**TASK INPUTS:**
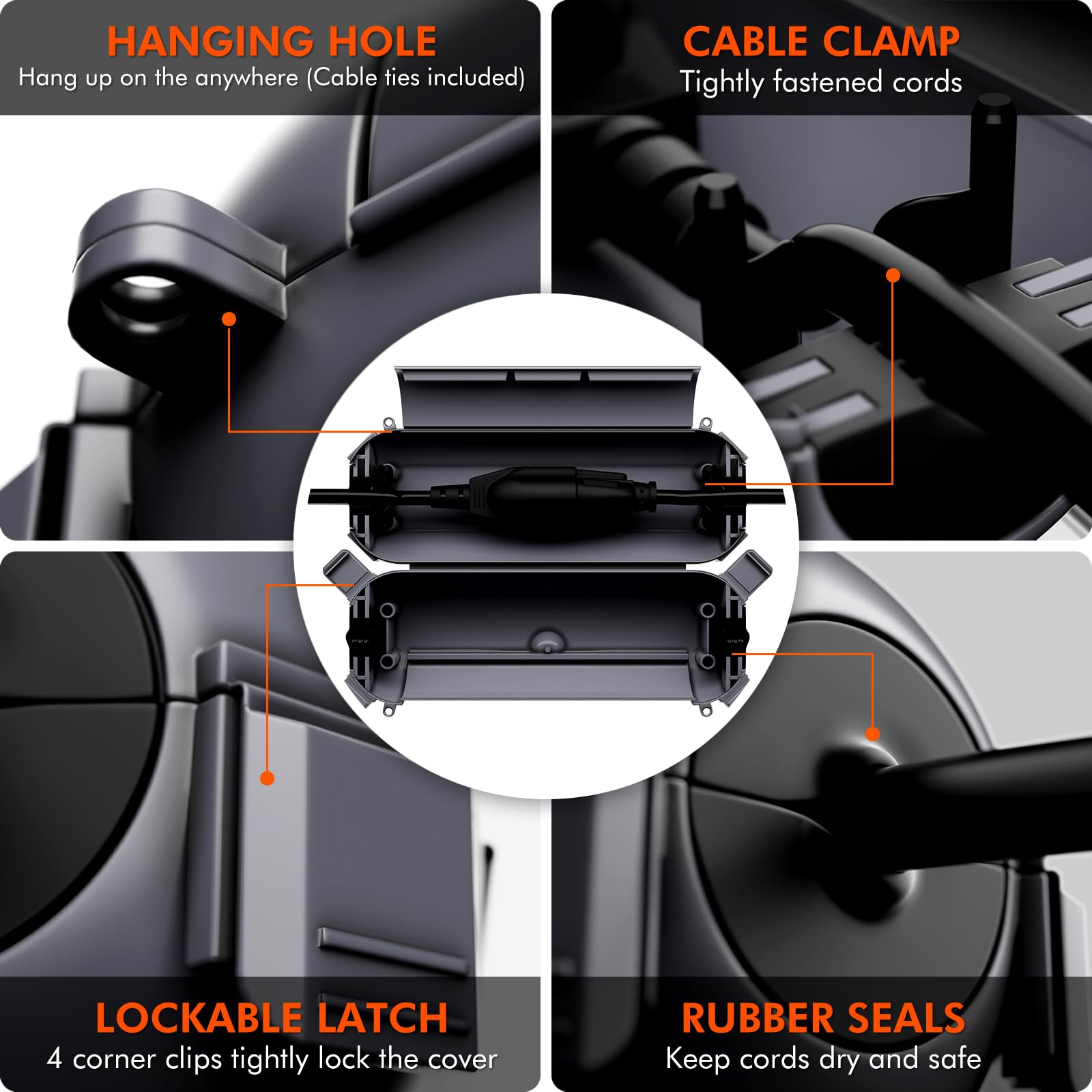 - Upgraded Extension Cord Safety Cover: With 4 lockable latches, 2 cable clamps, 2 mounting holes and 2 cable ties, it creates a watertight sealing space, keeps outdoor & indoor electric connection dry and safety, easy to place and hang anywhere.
==
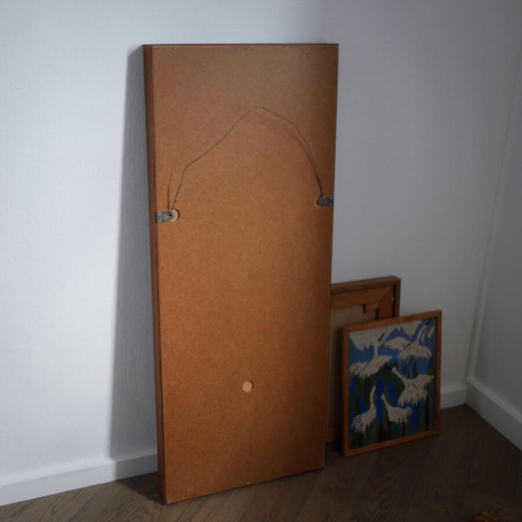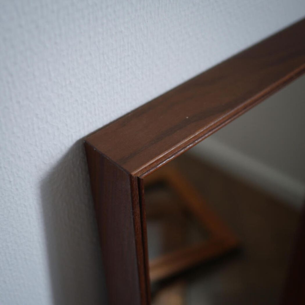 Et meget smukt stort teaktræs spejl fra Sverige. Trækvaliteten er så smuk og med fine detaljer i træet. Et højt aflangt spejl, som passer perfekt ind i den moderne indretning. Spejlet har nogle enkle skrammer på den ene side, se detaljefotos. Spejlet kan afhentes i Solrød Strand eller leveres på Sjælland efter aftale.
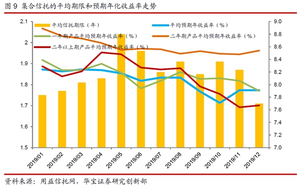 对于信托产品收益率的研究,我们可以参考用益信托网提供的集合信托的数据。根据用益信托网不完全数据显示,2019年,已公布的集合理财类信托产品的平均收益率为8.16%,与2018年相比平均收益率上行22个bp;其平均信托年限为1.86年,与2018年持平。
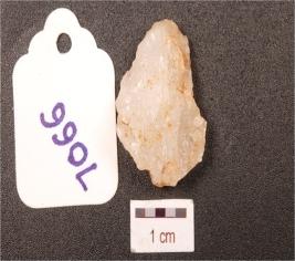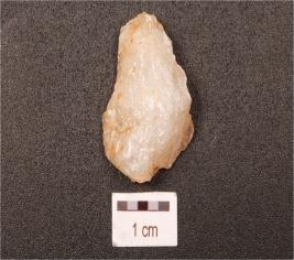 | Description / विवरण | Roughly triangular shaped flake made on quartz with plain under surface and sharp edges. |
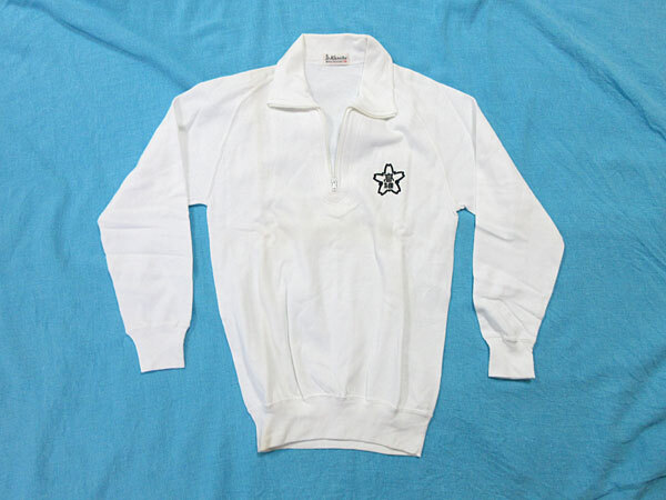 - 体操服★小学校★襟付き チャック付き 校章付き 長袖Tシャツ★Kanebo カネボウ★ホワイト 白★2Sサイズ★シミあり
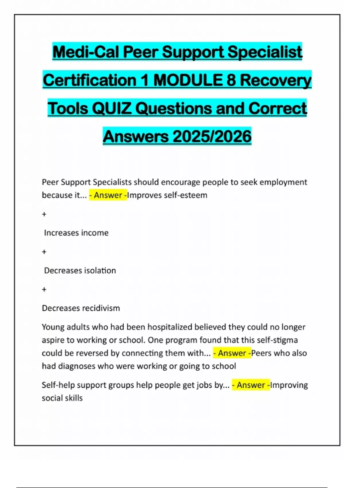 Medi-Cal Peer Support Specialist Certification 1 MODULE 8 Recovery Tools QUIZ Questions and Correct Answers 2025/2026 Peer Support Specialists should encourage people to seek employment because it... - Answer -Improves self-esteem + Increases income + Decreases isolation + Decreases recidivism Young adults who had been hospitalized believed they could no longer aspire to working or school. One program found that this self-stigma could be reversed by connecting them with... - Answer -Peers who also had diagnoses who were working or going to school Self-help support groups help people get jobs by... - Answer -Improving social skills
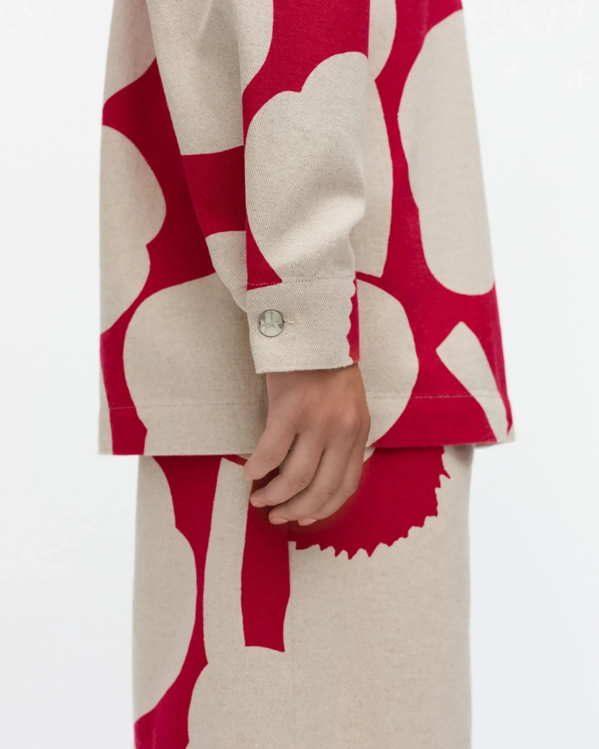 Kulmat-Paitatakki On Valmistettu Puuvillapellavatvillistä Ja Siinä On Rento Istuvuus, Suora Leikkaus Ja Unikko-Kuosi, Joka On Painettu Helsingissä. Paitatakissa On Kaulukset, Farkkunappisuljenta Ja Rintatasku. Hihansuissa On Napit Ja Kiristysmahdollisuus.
---
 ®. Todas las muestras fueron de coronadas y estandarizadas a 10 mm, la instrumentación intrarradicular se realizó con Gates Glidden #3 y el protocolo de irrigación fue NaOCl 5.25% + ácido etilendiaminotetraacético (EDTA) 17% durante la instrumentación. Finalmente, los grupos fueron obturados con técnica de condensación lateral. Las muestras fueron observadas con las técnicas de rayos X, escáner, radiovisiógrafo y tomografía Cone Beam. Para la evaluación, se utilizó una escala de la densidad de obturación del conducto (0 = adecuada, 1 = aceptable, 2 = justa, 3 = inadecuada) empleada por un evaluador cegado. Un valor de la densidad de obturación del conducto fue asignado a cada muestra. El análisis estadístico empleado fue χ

**WORK ORDER:**
Take the lines above starting at the one containing "- 体操服★小学校★襟付き チャック付き" and ending at the one containing "Kulmat-Paitatakki On Valmistettu", and print them again exactly, without pictures.

**TASK RESULT:**
 - 体操服★小学校★襟付き チャック付き 校章付き 長袖Tシャツ★Kanebo カネボウ★ホワイト 白★2Sサイズ★シミあり
 Medi-Cal Peer Support Specialist Certification 1 MODULE 8 Recovery Tools QUIZ Questions and Correct Answers 2025/2026 Peer Support Specialists should encourage people to seek employment because it... - Answer -Improves self-esteem + Increases income + Decreases isolation + Decreases recidivism Young adults who had been hospitalized believed they could no longer aspire to working or school. One program found that this self-stigma could be reversed by connecting them with... - Answer -Peers who also had diagnoses who were working or going to school Self-help support groups help people get jobs by... - Answer -Improving social skills
 Kulmat-Paitatakki On Valmistettu Puuvillapellavatvillistä Ja Siinä On Rento Istuvuus, Suora Leikkaus Ja Unikko-Kuosi, Joka On Painettu Helsingissä. Paitatakissa On Kaulukset, Farkkunappisuljenta Ja Rintatasku. Hihansuissa On Napit Ja Kiristysmahdollisuus.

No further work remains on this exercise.